If you experience tingling in the left arm, it could be a benign or temporary sensation, or it could be a harbinger of something more serious. You no doubt have experienced these sensations in one of your limbs or extremities at one time or another and it has usually been due to a temporary interruption of the blood supply to the area. This sensation has a name: it’s called paresthesia.
When your arm has either gone numb or has a “pins and needles” feeling, it’s usually because you’ve been lying on it. In this case, there is nothing to be alarmed about because you know the cause and you know the sensation will only last a short time. An actual tingling sensation may sometimes be different than the more familiar pins and needles sensation, and is often closer to a feeling of numbness or weakness.
If incidents of paresthesia become chronic, or if a single incident lasts for a significant amount of time, it may be an indication that something somewhere is not as it should be. In the majority of cases, paresthesia is caused by a problem with the nervous system. A pinched nerve can cause numbness, tingling, or pain and, in many cases, some combination of these three sensations. A pinched nerve is normally treatable, often without any need for surgical intervention.

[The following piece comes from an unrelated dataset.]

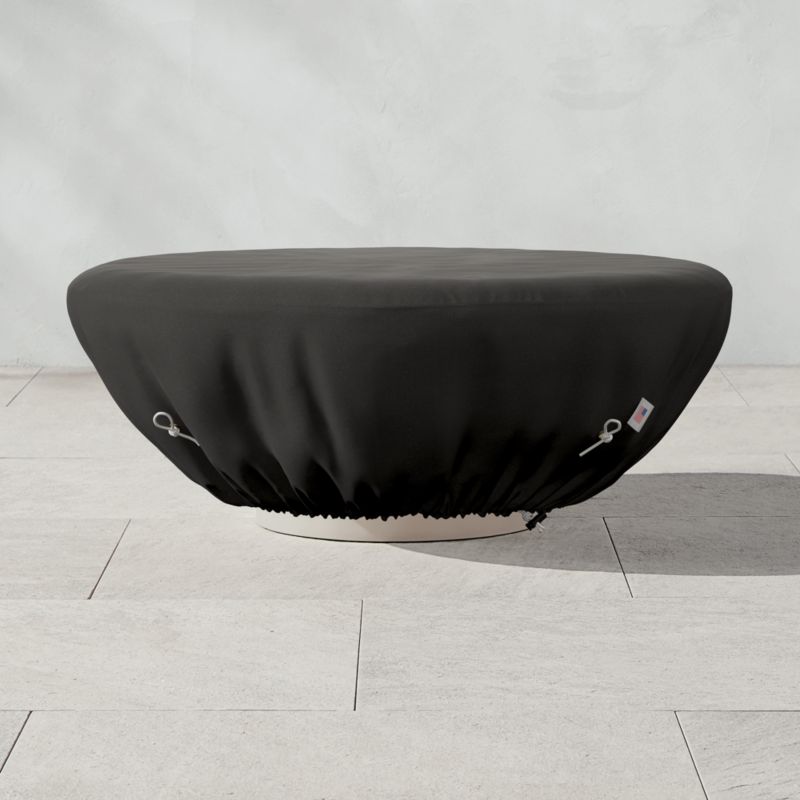 Keep your Pompeo outdoor small table looking great for seasons to come. Lightweight and durable cover is uniquely woven to resist wear and fading. One-way breathable fabric allows moisture to evaporate while water-resistant finish protects against rain, snow and sleet. Cover stays put with a drawstring closure system. Cover comes with a pouch for neat storage. CB2 exclusive.

Peripheral Neuropathy or Nerve Damage
The sensation you’re feeling could, on the other hand, be a result of nerve damage or a condition known as peripheral neuropathy. There are many varieties of peripheral neuropathy, most of which require treatment. If they are not treated, the condition tends to get worse and can eventually become debilitating. Nerve damage does not have to occur in the limb itself. If the nerve is located in the neck, shoulder or spine, the sensation will often be felt in one arm or the other. Sometimes a systemic disease such as diabetes is the cause of peripheral neuropathy. In any event, prompt treatment is best, since nerve issues can bring on lifelong problems if allowed to run their course.
Heart Attack or Heart Attack Warning
There’s no denying that an incident of paresthesia can be (to coin a pun) “unnerving.” This is often the case when the condition happens “out of the blue” and for no apparent reason. If it is happening on your left side, the first thought that may come to mind is that you are having or are about to have a heart attack. If this was the case, you would be more apt to feel pain than any kind of tingling, although this cannot be ruled out. You would also likely feel pain in your shoulder and/or your chest, which will not generally be the case when it is only nerves involved. A heart attack is most often caused by what is called ischemic heart disease. This is where vascular abnormalities such as arterial blockages or issues with the muscles of the heart cause a deficiency in the blood supply to the heart. Symptoms of this deficiency can sometimes be detected in the limbs or extremities even without a heart attack actually happening.
A Sign of a Stroke
Another possibility that cannot be ignored is that of a stroke. When you have a stroke, only one side of your body is typically affected since a stroke results from a blood clot in the brain and only one side of the brain is normally affected. A stroke will generally bring with it other symptoms besides paresthesia, but any numbness or weakness you feel could still be a warning sign. If there is ever the slightest indication you may be having or have had a stroke, it’s imperative to seek medical assistance immediately. As is the case with a heart attack, every second counts.
Other Possible Causes
You do not necessarily have to have sustained nerve damage to bring about an incidence of paresthesia. Like other parts of your body, nerves have to be maintained in order to function as they should. Maintenance in this case equates to proper nutrition. It is a fact that a deficiency in vitamin B12 can sometimes cause numbness or strange sensations in your limbs, hands, or feet. Deficiencies in other vitamins or minerals can cause issues with your nervous system as well, but ensuring your intake of vitamin B12 is adequate is extremely important.
Sometimes paresthesia is caused by a bump or a fall, and you may not feel the sensation associated with it until sometime later, perhaps much later. In a case like this, you may not have any recollection of the event unless the trauma was of a particularly serious or painful nature. Therefore, if your left arm starts to tingle, you may want to think back a few hours or even days and try to remember if something happened that could have caused the condition.
What to Watch For
Tingling in the left arm by itself may or may not be anything serious. As was stated earlier, a one time, temporary incident would not be a cause for concern, especially if you have reason to believe the sensation is due to pressure having been placed on a nerve or a temporary disruption in blood circulation to the affected area. What you do want to be watchful for are accompanying symptoms which often are indicative of a more serious issue. Even if damage to a nerve or a muscle is slight, it can often pay to have the problem looked into and treated before things get worse and you end up with a permanent condition.
These strange and unwelcome sensations in you left arm are generally treatable, which is to say the underlying cause is usually treatable. These sensations may well be avoidable if certain lifestyle changes are undertaken, often on the advice of a physician. Some of these lifestyle changes can be drastic and involve eating habits, a cessation of certain physical activities, or a need to take on new activities. On the other hand, preventing these symptoms might involve nothing more than sleeping with an extra pillow so you don’t roll over on your left arm.